Dataset records
# # #
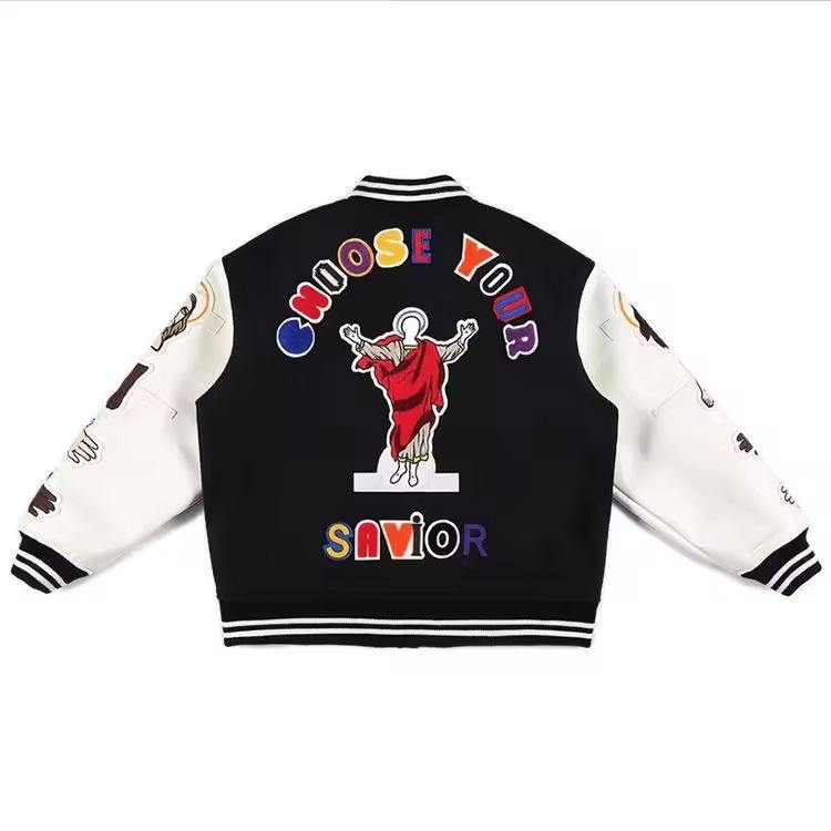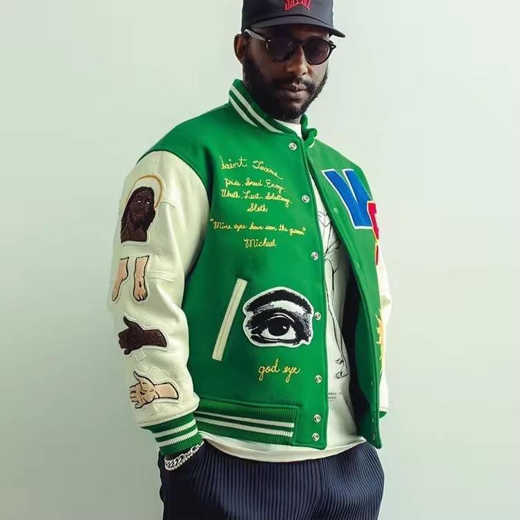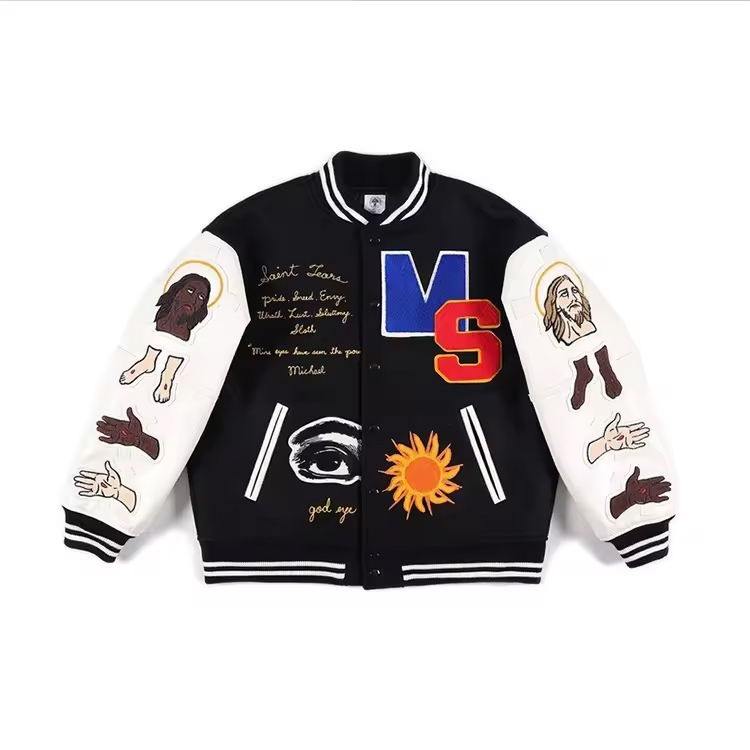 แจ็กเก็ตเบสบอลฤดูหนาวปักโลโก้กำมะหยี่ออกแบบได้ตามต้องการสำหรับผู้ชาย-ผ้าใบทอลำลองไฮสตรีทพร้อมขาตั้งแขนหนัง
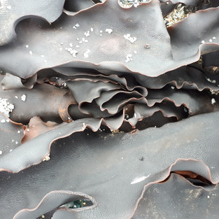 Monday - 2 full weeks here!! Another late start, and low tide was just before 10, so I got straight out and drove to British Admiral Beach to walk back along the shore towards Currie. The day was actually warm, with no wind – for the first time ever! I didn’t really want to take the oilskin but thought I should for safety for the phone. I had a great time clambering over the orange rocks and blue stones, and just kept going. I found some kelp ‘antlers’, a crayfish head - badly damaged, a walking stick, and some sea urchins. By now I was dehydrated, and knew I had been in the sun for too long. I also knew it was going to be a long way back, and decided to go on the road rather than the rocks.. At least the weather was pleasant for walking, for the first time! There was a stench of death frequently wafting up from the side of the road from the wallabies, and I noticed quite a few blue-tongue-like lizards, or rather, their remains. I couldn’t pass a complete spine, (nice and clean) so popped it in my treasure bag. I was so pleased to see the car and drink waaaaaater!!!
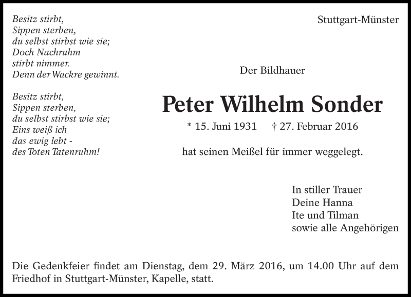 Hier finden Sie alle Traueranzeigen aus der Zeitung, die bisher für Peter Wilhelm Sonder erschienen sind. Weitere Traueranzeigen, die in der Zeitung erscheinen, werden hier ebenfalls aufgelistet
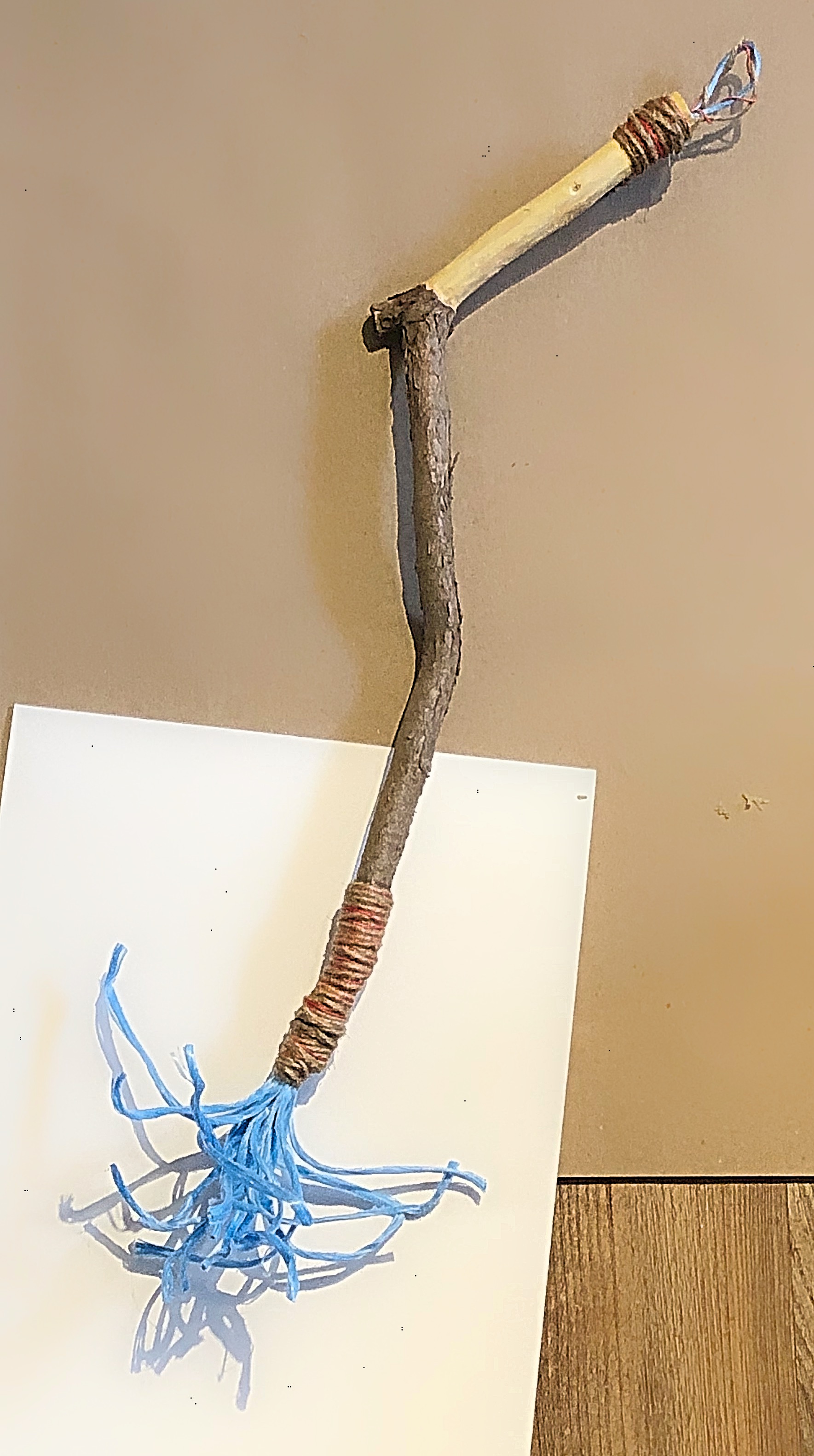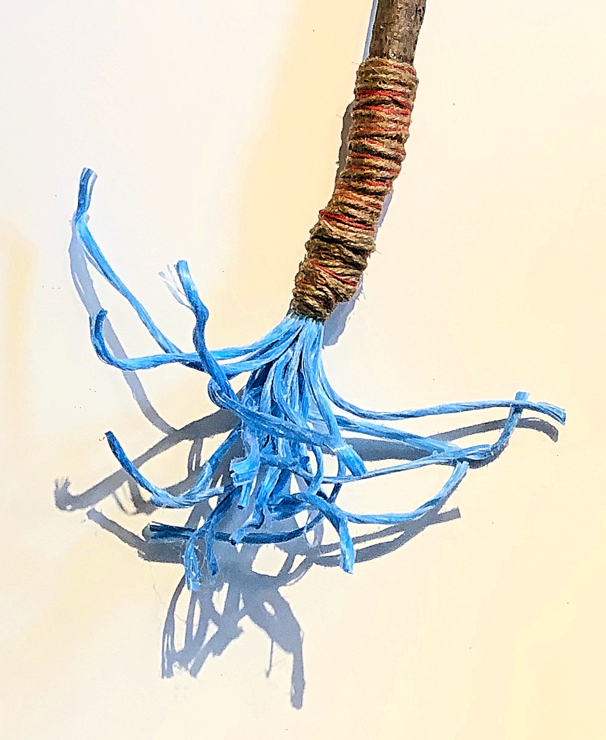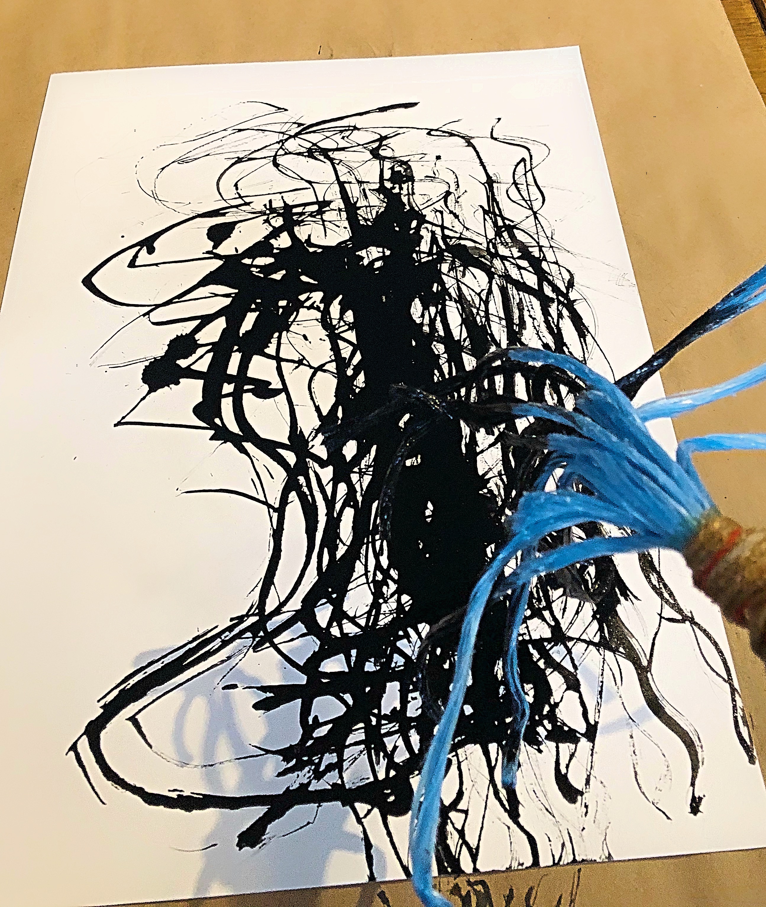 Using a handmade marking brush: The handle is cut from a cedar branch with jute twine. The brush fibres are nylon bundling rope salvaged from the hardware store. The India ink surprisingly soaked into the fibres and dripped onto the paper… The fibres got more straight with the ink soaked into them and this allowed me a little more control over the lines and marks I wanted to make.
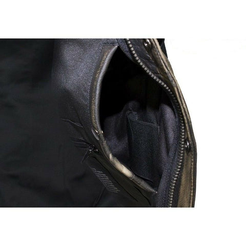 Black Leather Vest, 2 Front Pockets * Gun Pocket w/ Strap , NO COLLAR VEST
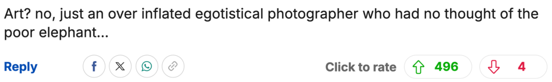 “艺术?才不是,只是一个被自大填满、完全不考虑可怜大象的摄影师…”
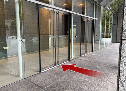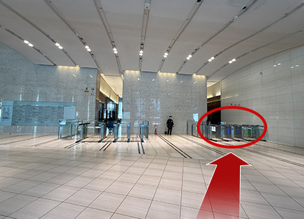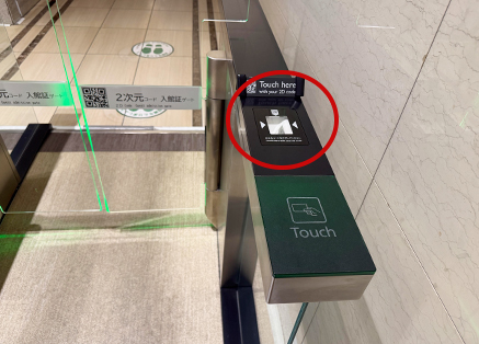 担当者より発行されたQRコードを、一番右(緑に光っています)のフラッパーゲートのQR読み取り口にかざします。ゲートが開いたらそのまま入館してください
# # #
* _Description of the task_: Though the entries above contain pictures, none should be copied; reproduce only the lines between the one holding "Monday - 2 full" and the one holding "Using a handmade", inclusive, exactly as written.

* _Response box_:
 Monday - 2 full weeks here!! Another late start, and low tide was just before 10, so I got straight out and drove to British Admiral Beach to walk back along the shore towards Currie. The day was actually warm, with no wind – for the first time ever! I didn’t really want to take the oilskin but thought I should for safety for the phone. I had a great time clambering over the orange rocks and blue stones, and just kept going. I found some kelp ‘antlers’, a crayfish head - badly damaged, a walking stick, and some sea urchins. By now I was dehydrated, and knew I had been in the sun for too long. I also knew it was going to be a long way back, and decided to go on the road rather than the rocks.. At least the weather was pleasant for walking, for the first time! There was a stench of death frequently wafting up from the side of the road from the wallabies, and I noticed quite a few blue-tongue-like lizards, or rather, their remains. I couldn’t pass a complete spine, (nice and clean) so popped it in my treasure bag. I was so pleased to see the car and drink waaaaaater!!!
 Hier finden Sie alle Traueranzeigen aus der Zeitung, die bisher für Peter Wilhelm Sonder erschienen sind. Weitere Traueranzeigen, die in der Zeitung erscheinen, werden hier ebenfalls aufgelistet
 Using a handmade marking brush: The handle is cut from a cedar branch with jute twine. The brush fibres are nylon bundling rope salvaged from the hardware store. The India ink surprisingly soaked into the fibres and dripped onto the paper… The fibres got more straight with the ink soaked into them and this allowed me a little more control over the lines and marks I wanted to make.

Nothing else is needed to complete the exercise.